Sydney Morning Herald - September 8, 2011

Dan Oakes, Auckland Fiji's stint as a pariah nation could be drawing to a close, as New Zealand Prime Minister John Key hinted at a softening of the Australian and New Zealand hard line against the island's military regime.

Speaking at the Pacific Islands Forum in Auckland yesterday, Mr Key appeared to back away from previous demands by the two regional powers that military leader Commodore Frank Bainimarama return Fiji to democracy immediately.

Fiji was suspended from the forum and the Commonwealth after Commodore Bainimarama seized power in a coup in 2006. His regime has since been accused of human rights abuses against opposition groups. Advertisement: Story continues below

Questioned about Fiji's outcast status during a joint press conference with United Nations Secretary-General Ban Ki-Moon, Mr Key appeared to drop demands of an immediate return to democracy, instead cautiously endorsing Commodore Bainimarama's deadline of 2014 for free and fair elections.
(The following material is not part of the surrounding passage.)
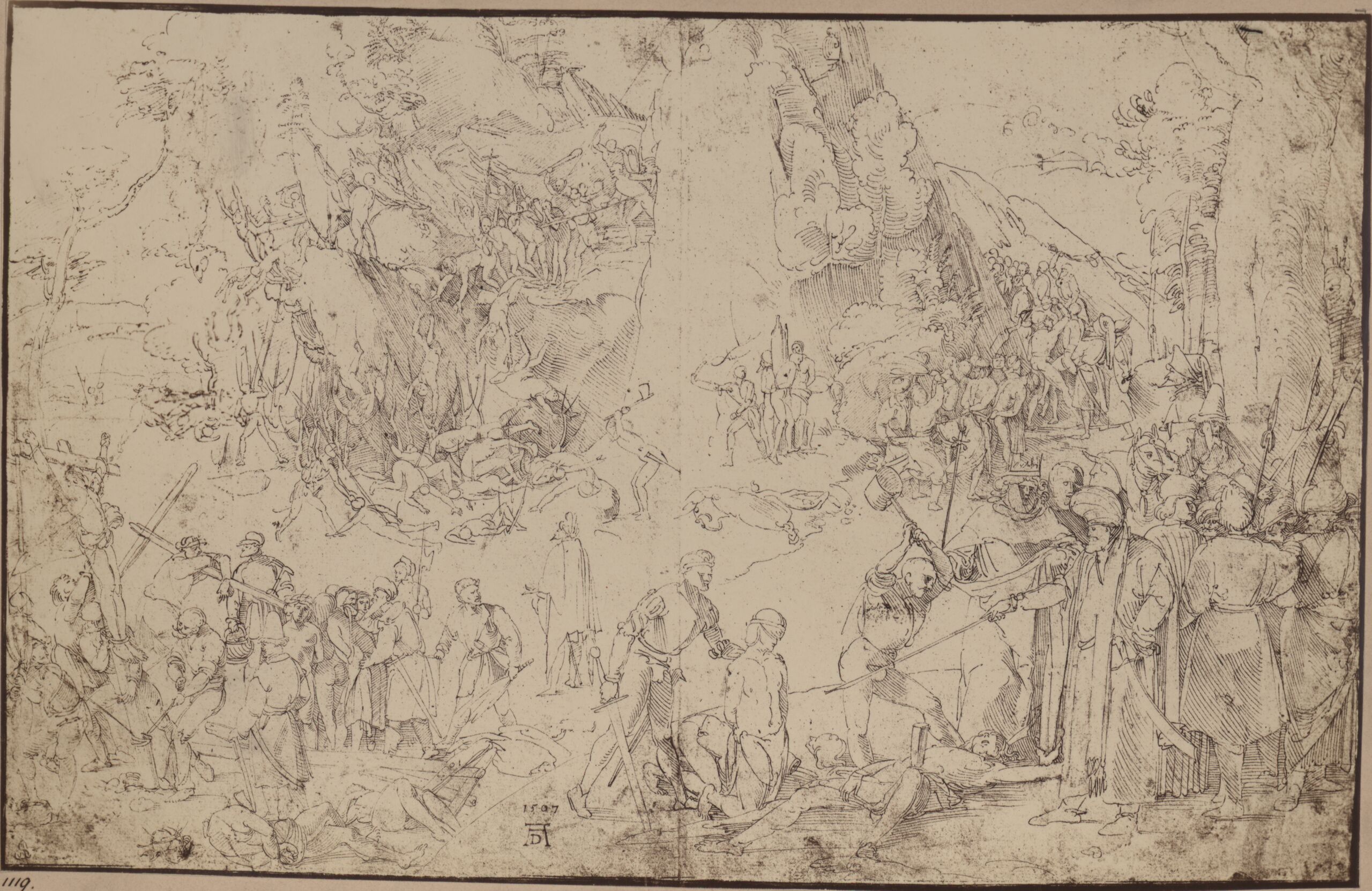 - Text am Objekt (Untersatzkarton, mittig unten) : Photographien, herausgegeben vom k. k. österr. Museum für Kunst und Industrie. / 213. / Albrecht Dürer. Die Marter der Zehntausend. Federzeichnung. / (Erzherzog Albrecht-Sammlung.) / Phot. v. L. ANGERER, k. k. Hofphotograph.

"It's my view that the consensus would be of [Pacific] leaders that this time they wouldn't want to see Fiji re-admitted back into the forum unless they demonstrated that they are on a pathway to democracy and the holding of those elections in 2014 as promised," Mr Key said.

"We'd... expect to see a demonstrated commitment that he is actually going to hold those elections.
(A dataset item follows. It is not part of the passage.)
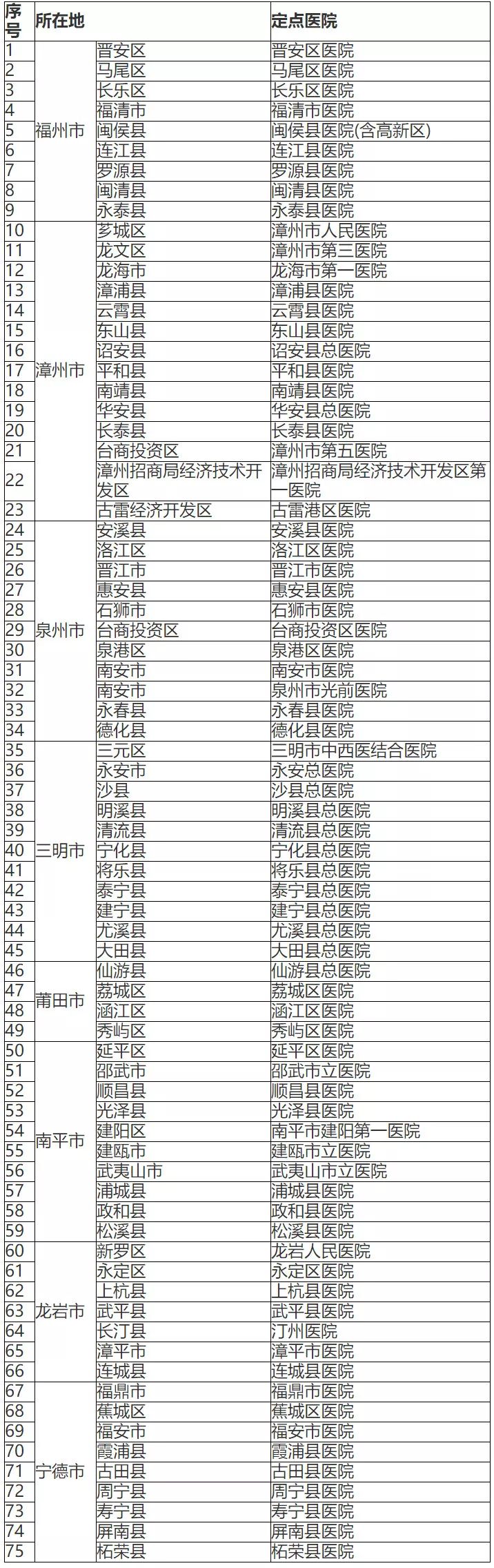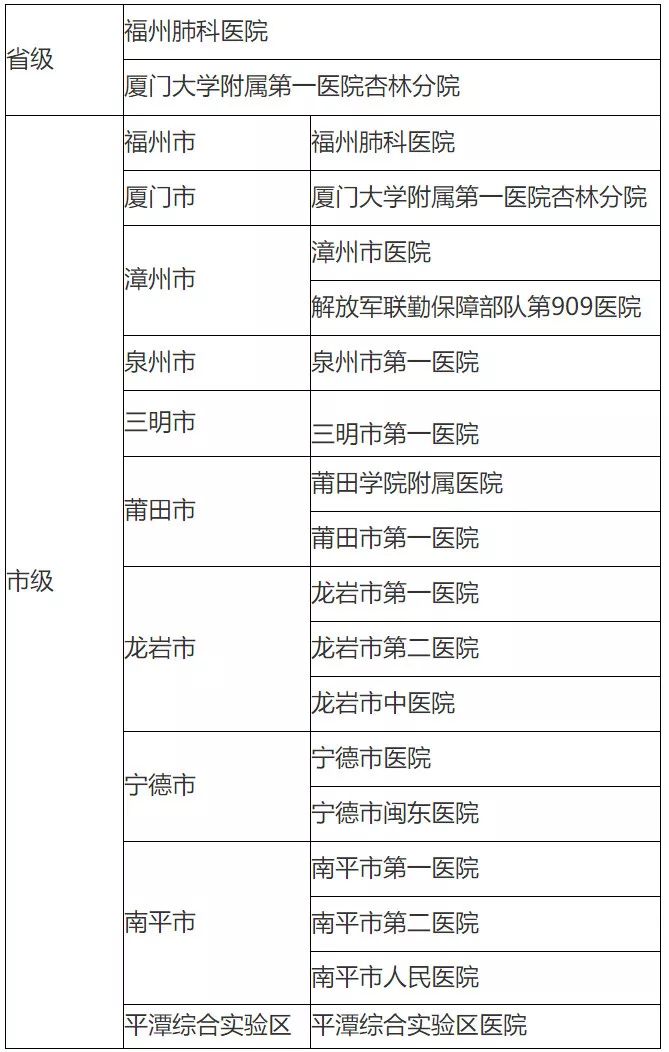 22日下午,福建省卫生健康委员会公布“福建省新型冠状病毒感染的肺炎救治省、市定点医院名单”及“福建省新型冠状病毒感染的肺炎救治县(市、区)级定点医院名单”。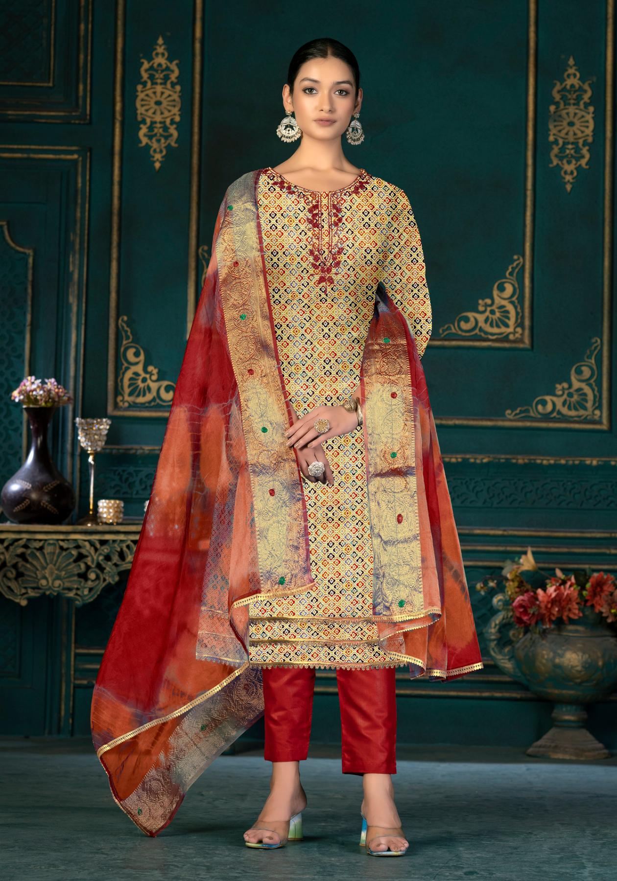 Normally size is measured between the underarm stitching lines from the stressed kameez.

"And from New Zealand's perspective, we've made it quite clear that we're happy to give both financial and human resources to support that process.
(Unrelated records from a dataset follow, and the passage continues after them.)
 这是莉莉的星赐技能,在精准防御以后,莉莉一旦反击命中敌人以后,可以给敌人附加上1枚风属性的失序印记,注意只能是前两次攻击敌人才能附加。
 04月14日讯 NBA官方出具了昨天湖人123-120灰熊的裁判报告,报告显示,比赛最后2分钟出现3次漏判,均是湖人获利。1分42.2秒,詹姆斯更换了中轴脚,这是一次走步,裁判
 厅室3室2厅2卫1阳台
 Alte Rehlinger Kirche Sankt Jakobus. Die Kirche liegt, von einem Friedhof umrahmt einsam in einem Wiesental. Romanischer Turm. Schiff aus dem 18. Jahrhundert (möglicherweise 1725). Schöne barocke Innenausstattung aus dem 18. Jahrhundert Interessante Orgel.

"We desperately want to see democracy in Fiji, and for Fijians to be economically prosperous and all of the advice we have at the moment is that the coup is having quite a damaging effect, not only the economy, but seeing more and more Fijians slipping into poverty."

Mr Key said some island leaders had raised concerns about Fiji's suspension from the forum at a meeting on Tuesday night, but that there would not be a vote on re-admitting Fiji because it is "not one of the agenda items that we are considering".

Several leaders from forum nations met Commodore Bainimarama last week in Fiji and co-signed a communique calling for there to be more acknowledgement of Fiji's progress towards democracy and prosperity.

A spokesman for Prime Minister Julia Gillard last night denied the Pacific Islands Forum had softened its approach to Fiji, saying Australia's view on the issue was clear. "There must be return to democracy in Fiji as soon as possible," he said.

Kiribati President Anote Tong told reporters yesterday that he would fight to have Fiji reinstated, describing the island nation as a "bad young boy", who is nonetheless part of the Pacific family.

The Lowy Institute's Jenny Hayward-Jones in Auckland for the forum described Mr Key's comments as a "marked shift" that acknowledged the desire among other Pacific nations to see Fiji return to the fold, but that it was still uncertain whether Commodore Bainimarama would stick to his 2014 commitment.

"John Key has qualified his statement by saying Fiji had to demonstrate it was on a pathway to democracy in 2014," Ms Hayward-Jones said.

"There are few markers the Fiji government can point to in order to prove this and at the moment it seems unlikely that Bainimarama will feel comfortable engaging with all political leaders in Fiji, which seems to be a prerequisite for the forum's support for the 2014 timetable."